You scored well. Impulse buying can be good, but when you pass on something then you have buyers un-remorse....
"Dang, shoulda bought that thing when I had the chance"
I've been buyin' rusty planes off Ebay lately myself.... there's some real bargains and then others are pricey. I saw a Bailey for $1500 ...Buy it Now. Nope. I figured out how to win the auctions, but I can't disclose it here. I've probably bought 6 or7 planes in the last 2 weeks and some are even the same model! Dang. :blink:


----------



## Paul W Gillespie (Jul 7, 2011)

Yeah there are a lot on Ebay, but between people thinking they are worth a fortune, even for the super rusty ones and the tacked on shipping charges, I am sticking to my flea markets for now. I need to find some other flea markets though.

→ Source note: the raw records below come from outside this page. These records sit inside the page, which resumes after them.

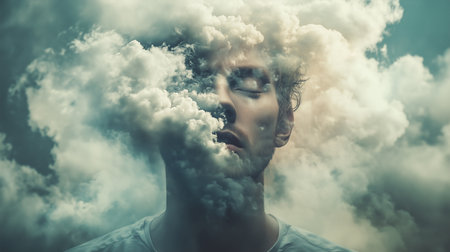 a surreal portrait of a man whose face is partially obscured by clouds, creating a dreamy atmosphere.
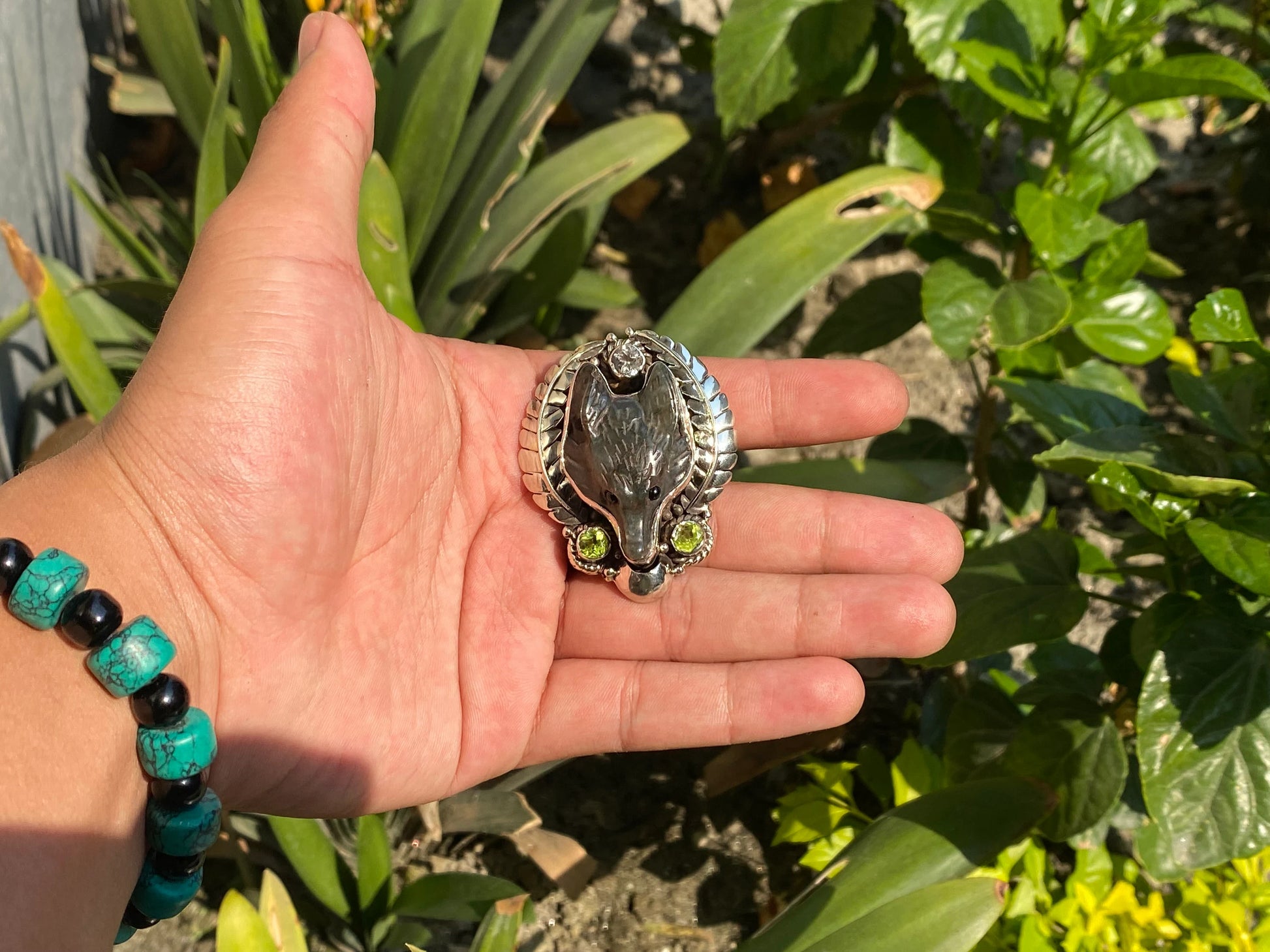 Wolf Head Rings: Symbolic Animal Skull Jewelry, Adjustable Ring, Crystal ring, Tibetan silver ring.
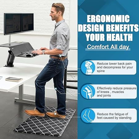 Non-Skid Cushioned, Anti Fatigue 1/2Inch Thick, Ergonomic Comfort Foam Standing Mat, 17"x29"+17"x59",Black
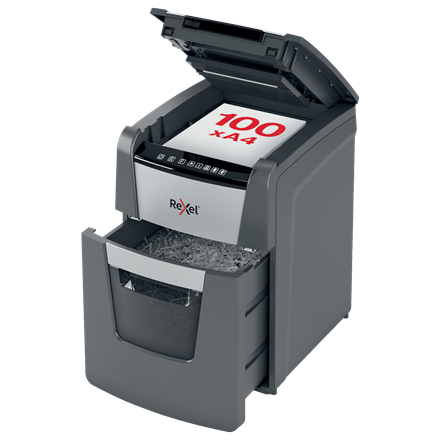 Niszczarka automatyczna do papieru Optimum AutoFeed+ 100X jednorazowo niszczy automatycznie do 100 kartek A4 (80 gsm), tnąc arkusze na konfetti (o wymiarach 4 x 28 mm), co zapewnia poziom bezpieczeństwa P-4. Wyposażona jest w automatyczny podajnik i 34-litrowy pojemnik na ścinki, co sprawia, że idealnie nadaje się do użytku biurowego. Nie wymaga ręcznego podawania papieru ani wcześniejszego usuwania zszywek i spinaczy - ta automatyczna niszczarka całą pracę wykona za Ciebie.
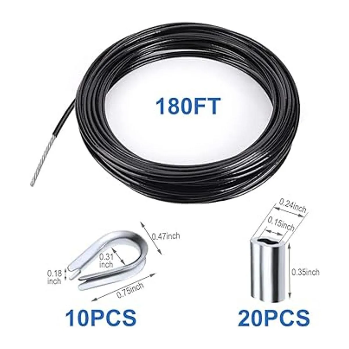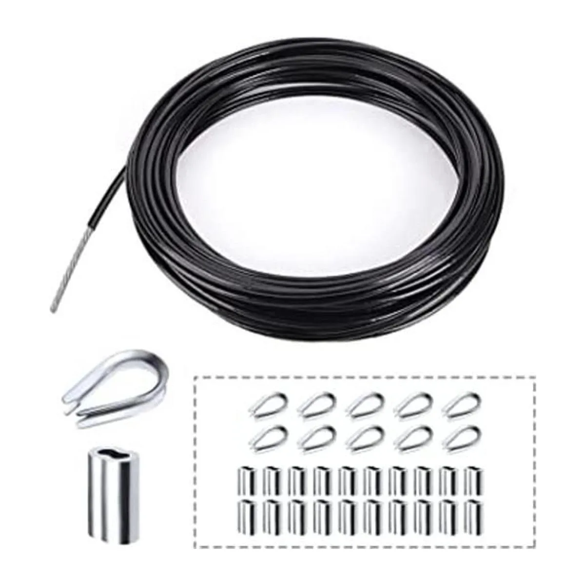 Juego completo: cuerda de alambre de acero inoxidable de 180 pies, 20 piezas de funda de bucle de engaste, 10 piezas de dedal.
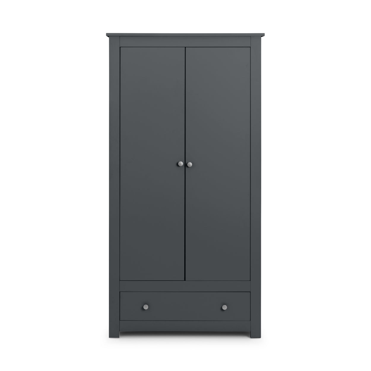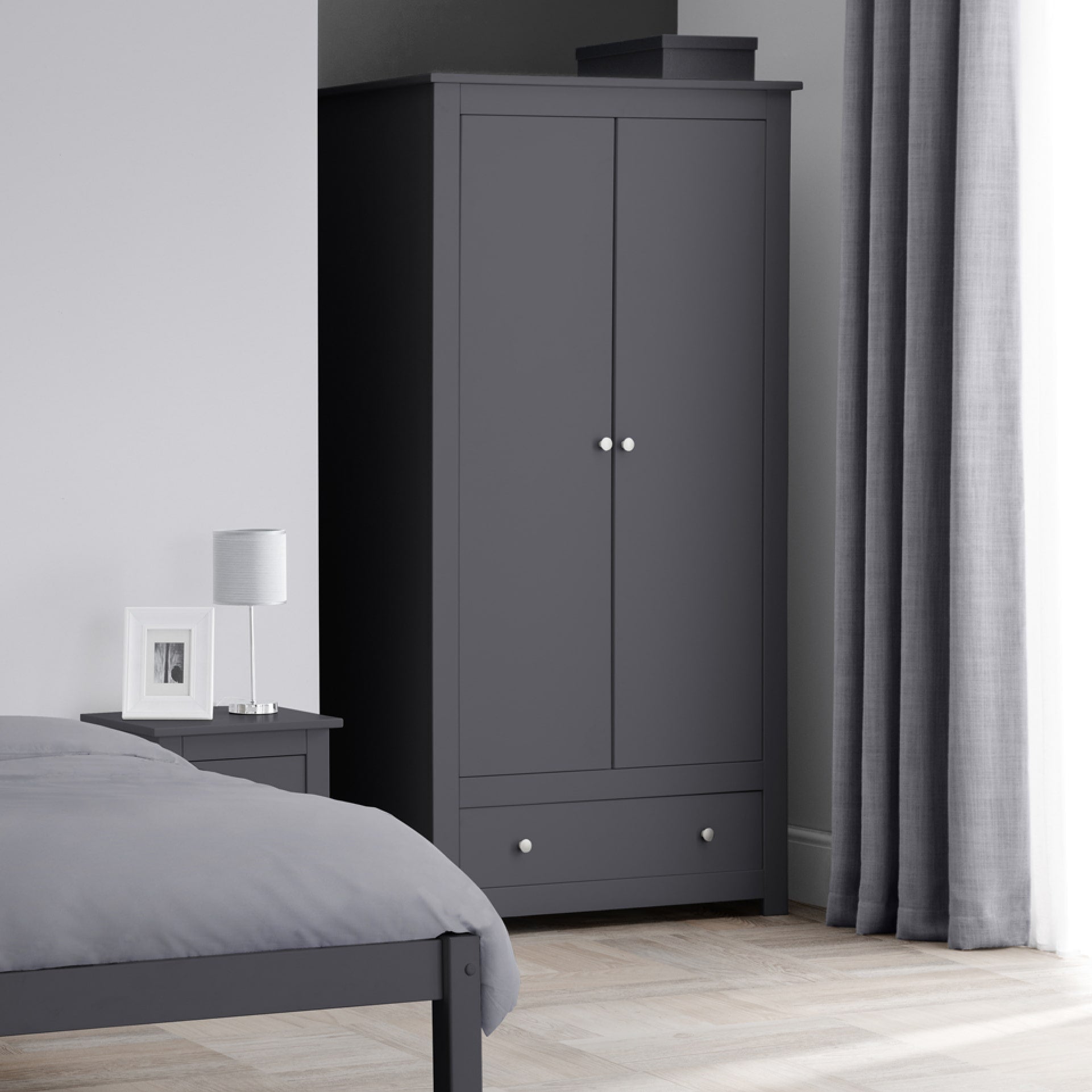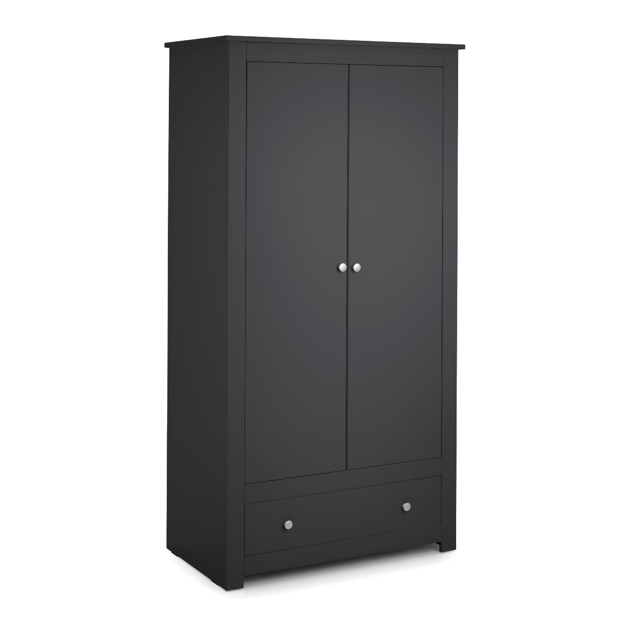 Boasting clean, simple lines the Radley wardrobe is perfectly suited for both modern or traditional styles. Featuring a hanging rail and a shelf behind 2 doors, and an additional storage drawer to store your clothes away neatly. Finished in 2 colour options - charcoal or white lacquer, with delicate silver handles, the Radley Bedroom Collection is perfect for adult and kid's bedrooms.

I am getting tired of the same one each time. Good luck on Ebay. I keep looking there too, but seldom see something I will go for at this point.


----------



## tc65 (Jan 9, 2012)

Yes, your last find is a spoke shave. It's name is exactly what it is used for, shaving spokes:smile: It's not something you'll probably use everyday, but you'll be glad you have one when the need arises. It is very useful for shaping curved features in wood. Some have flat soles and others have a curved sole. It can be useful anyplace you need to round over a square corner, smooth a curve in a headboard, chair seats, table legs, saw handles...........


----------



## Shop Dad (May 3, 2011)

I have to say I'm not sure that rusty one is going to be worth the time you will have to put into it. You might save it for a future project and hit other priorities first. If you are going to use Evaporust be sure to wire brush it first to get the loose stuff off so you don't use any more than you need to.


----------



## sawdustfactory (Jan 30, 2011)

Paul, you need to quit messin around at these flea markets and get that jewelry box finished :blink::yes::laughing:


----------



## Paul W Gillespie (Jul 7, 2011)

Yeah I know. I was working on the box the other night when I got it in my head to try and sharpen my chisels. This would be the first time I have ever attempted to sharpen anything. Three hours and one sore shoulder later I got one chisel semi sharp. Now I want to pull apart these new tools and get them in some Evapo-Rust. Plus I still need my chisels and a couple of plane irons sharpened. I was happy with my jewelry box progress last week though, so it is coming along, slowly.


----------



## woodbutcher360 (Jul 1, 2012)

Paul W Gillespie said:


> Yeah I know. I was working on the box the other night when I got it in my head to try and sharpen my chisels. This would be the first time I have ever attempted to sharpen anything. Three hours and one sore shoulder later I got one chisel semi sharp. Now I want to pull apart these new tools and get them in some Evapo-Rust. Plus I still need my chisels and a couple of plane irons sharpened. I was happy with my jewelry box progress last week though, so it is coming along, slowly.


3 hours to sharpen a chisel? You didn't have a chisel, you had a piece of blunt steel. :yes:


----------



## Fishinbo (Jul 23, 2012)

I just told someone that I couldn’t pass up buying tools when I can see decent prices from flea markets. Looks like I am not the only one. Magnificent find for you! Best of luck with its restoration.


----------



## Shop Dad (May 3, 2011)

woodbutcher360 said:


> 3 hours to sharpen a chisel? You didn't have a chisel, you had a piece of blunt steel. :yes:


Or he does now! :laughing:

Paul, on the sharpening, something is not right. As woodbutcher points out it shouldn't take that long. When flattening the back all you want to do is get it flat and even across the back inch or two with the first, rough stone. Then smooth out what you have done with progressive stones. You don't need to get a mirror finish and depending on the finest of your three stones it will only get you so far without using something else to polish. Since sharpening is such a fundamental skill you might consider a sharpening class at a woodworking school near you so you can nail it. 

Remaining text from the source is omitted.